- What you should do:
Pictures are to be left out; otherwise, copy exactly the lines from the line containing "Dockrell and Porterfield" through the end of the data.

Stored data
-=-=-

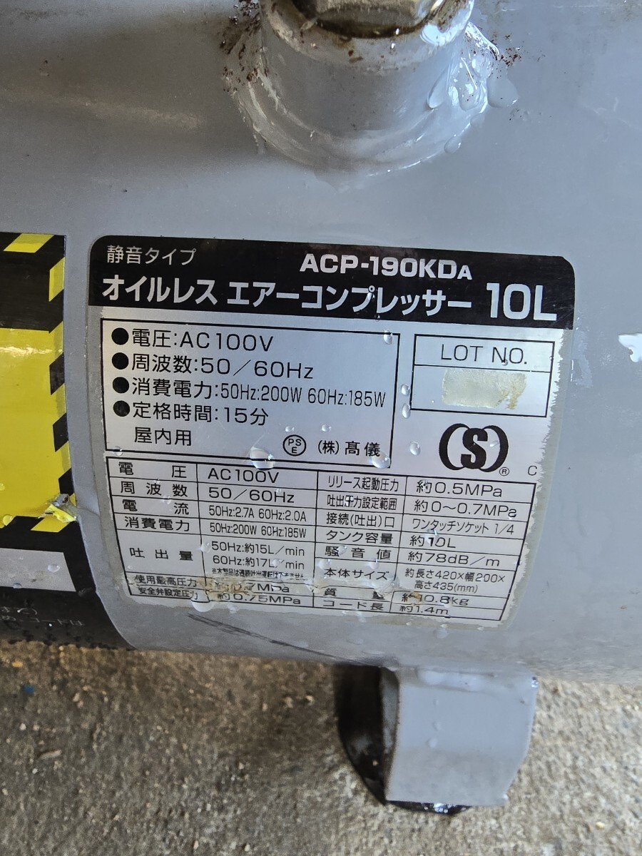 Product name: ㈱高儀 オイルレス エアーコンプレッサー 10L ACP-190KD 100V 50/60Hz 重量10.8kg 静音タイプ エアコンプレッサー
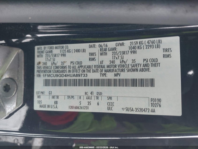 • 1FMCU9GD4HUA89733
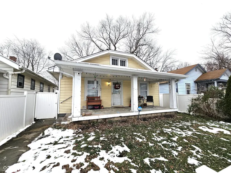 Located in an up-and-coming area, just beyond White River, where the streets are lined with sidewalks and evidence of recent neighborhood renovations are all around, this thoughtfully updated home is surrounded by the privacy of a white vinyl fence and complimented with a welcoming covered front porch. As you open the front door, you're invited in by the openness of the living room and the filtered sunlight streaming in through the updated windows. The rich plank floors bring a warmth to the home as they flow throughout the living room into the dining room, offering flexibility for making the space cozy for everyday use or combining the two areas for larger gatherings. Just beyond the dining room, the kitchen has been transformed with an updated layout, allowing space for a kitchen table or island that's ideal for having casual meals or drinking morning coffee. The bonus room is just off the kitchen and is perfect as a home office or playroom since it extends directly to the backyard. The bedrooms, located off the main living space, are each generously sized and also includes the same beautiful plank flooring making the home flow seamlessly throughout. The bathroom has been completely updated with tile flooring, a new vanity, tub and shower surround. The in-wall storage provides an area for all the extras without taking up precious floor space! Renovations completed between late 2023 and early 2024 include updated lighting, new subflooring, reinforced floor joists, all new plumbing and new water heater. The sewer line was replaced in 2018, and the oversized detached garage now has a concrete slab (previously gravel) and newly installed electrical service, making it ideal for the perfect workshop. With its spacious layout, thoughtful updates, and location in a neighborhood poised for continued growth, this home offers the opportunity to settle into a space that blends comfort, functionality, and future potential.
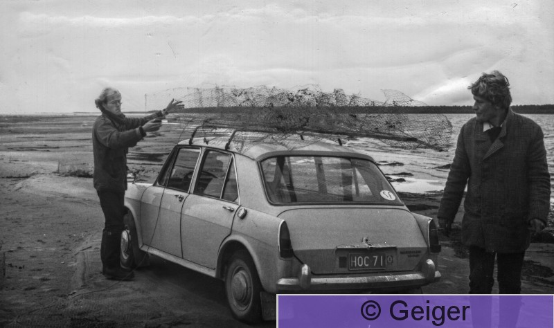 Siikajoki Ulkonokka Huom: kuvaaja J. Savolainen, julkaisulupa on. PVM ei tarkka, syyskuu 1968. Juhani kahlaaja Vuorinen ja Martti Lagerström purkavat kahlaakatiskoita Morris Milerin kyydistä.
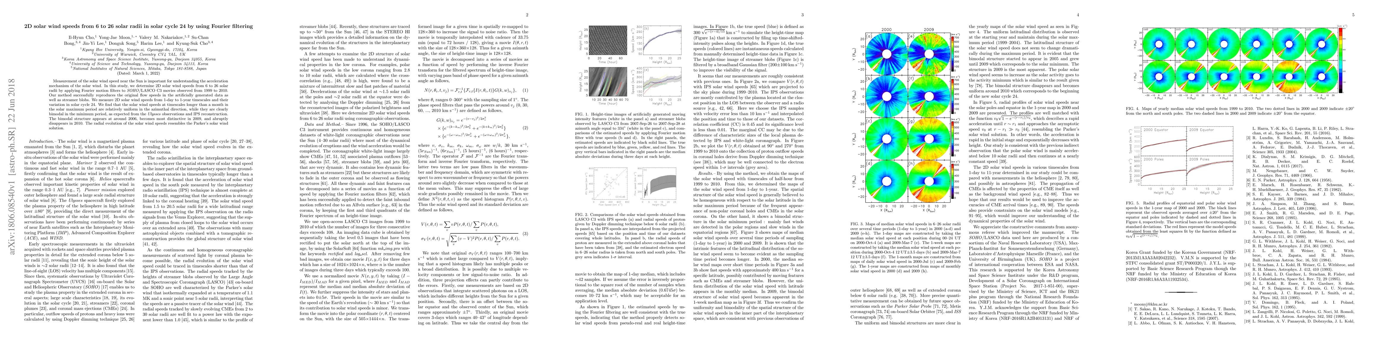 This study measures 2D solar wind speeds from 6 to 26 solar radii using Fourier filtering on \textit{SOHO}/LASCO C3 data, revealing uniform speeds in solar maximum and bimodal speeds in minimum, aligning with \textit{Ulysses} observations. The bimodal structure is most distinct in 2009 and vanishes by 2010.
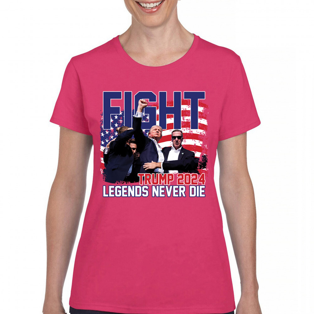 Show your Trump 2024 support with our bold "Fight" design, featuring "Legends Never Die" and a patriotic American flag. Perfect for rallies and everyday wear.
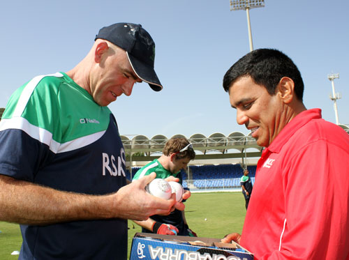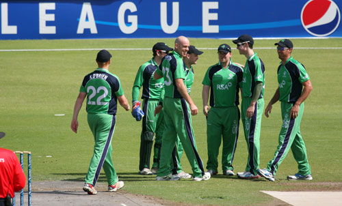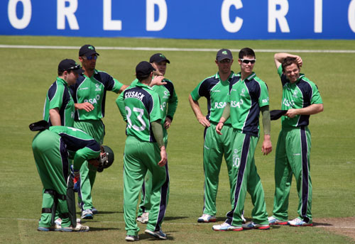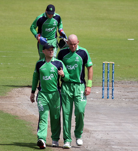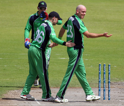 Dockrell and Porterfield congratulate each other on teh dismissal of Nasir
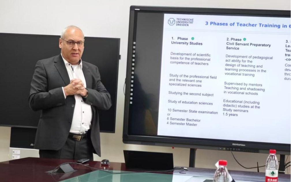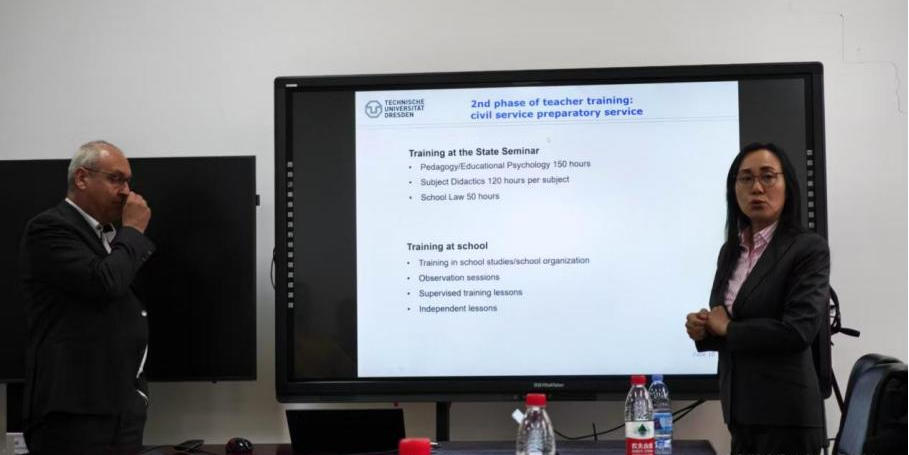 研讨会上,德方专家系统介绍了德国中学科学教师的培养路径、中学教师在职继续教育体系以及基于“行动导向教学法”(Handlungsorientungs Methode)的课程实施与评价模式。Hanno Hortsch教授还分享了国际工程教育协会(IGIP)在推动全球工程教师认证与专业发展方面的经验。中方团队详细阐述了“国优计划”的背景、目标与实施进展,并围绕教师教育课程设置、大学与中小学协同育人机制等内容展开交流。双方一致认为,德国在教师专业化培养、持续职业发展及教育标准建设方面的经验,对我国“国优计划”的实施具有重要借鉴意义。基于讨论,双方明确了三项合作方向:人才培养(学生交换及联合培养、课程引进、培养方案修订等)、科研合作(联合申请科研项目、合著论文等)以及教师交流(教师培训及访学、国际会议等)。
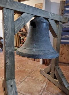 Altbürgermeister Toni Klotz rettet die 700 Jahre alte eiserne Glocke aus der Haldenwanger Pfarrkirche für unser Heimathaus!- Kommen Sie und lesen die ganze Geschichte! - Den neuen „Glockenstuhl“ fertigte Hermann Wasserrab.
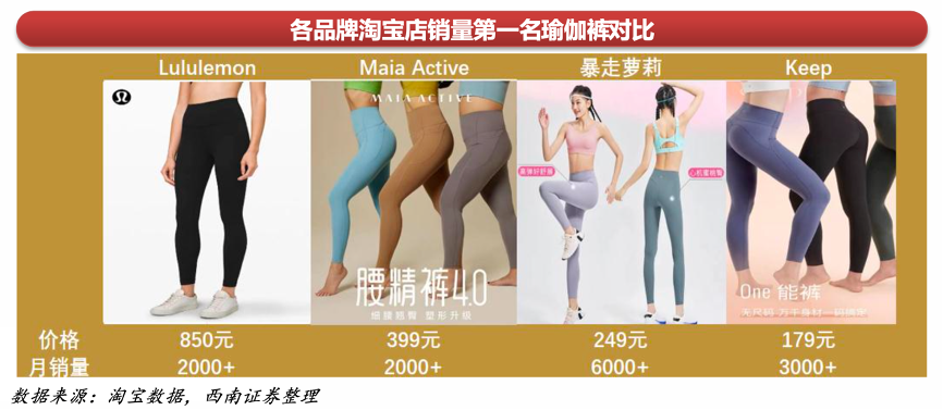 經(jīng)典案例:根據(jù)淘寶數(shù)據(jù)、西南證券等綜合資訊表明,隨著國(guó)內(nèi)品牌的崛起,及消費(fèi)者審美的提高,近幾年國(guó)內(nèi)小眾的瑜伽健身服裝品牌紛紛出圈,獲得消費(fèi)者喜愛。比如Maia Active也是做瑜伽褲出圈,一條瑜伽褲的均價(jià)在300- 400人民幣,比Lululemon瑜伽褲的均價(jià)便宜一半,是Lululemon 平替的較好選擇。

-=-=-

- The completed task:
 Dockrell and Porterfield congratulate each other on teh dismissal of Nasir
 研讨会上,德方专家系统介绍了德国中学科学教师的培养路径、中学教师在职继续教育体系以及基于“行动导向教学法”(Handlungsorientungs Methode)的课程实施与评价模式。Hanno Hortsch教授还分享了国际工程教育协会(IGIP)在推动全球工程教师认证与专业发展方面的经验。中方团队详细阐述了“国优计划”的背景、目标与实施进展,并围绕教师教育课程设置、大学与中小学协同育人机制等内容展开交流。双方一致认为,德国在教师专业化培养、持续职业发展及教育标准建设方面的经验,对我国“国优计划”的实施具有重要借鉴意义。基于讨论,双方明确了三项合作方向:人才培养(学生交换及联合培养、课程引进、培养方案修订等)、科研合作(联合申请科研项目、合著论文等)以及教师交流(教师培训及访学、国际会议等)。
 Altbürgermeister Toni Klotz rettet die 700 Jahre alte eiserne Glocke aus der Haldenwanger Pfarrkirche für unser Heimathaus!- Kommen Sie und lesen die ganze Geschichte! - Den neuen „Glockenstuhl“ fertigte Hermann Wasserrab.
 經(jīng)典案例:根據(jù)淘寶數(shù)據(jù)、西南證券等綜合資訊表明,隨著國(guó)內(nèi)品牌的崛起,及消費(fèi)者審美的提高,近幾年國(guó)內(nèi)小眾的瑜伽健身服裝品牌紛紛出圈,獲得消費(fèi)者喜愛。比如Maia Active也是做瑜伽褲出圈,一條瑜伽褲的均價(jià)在300- 400人民幣,比Lululemon瑜伽褲的均價(jià)便宜一半,是Lululemon 平替的較好選擇。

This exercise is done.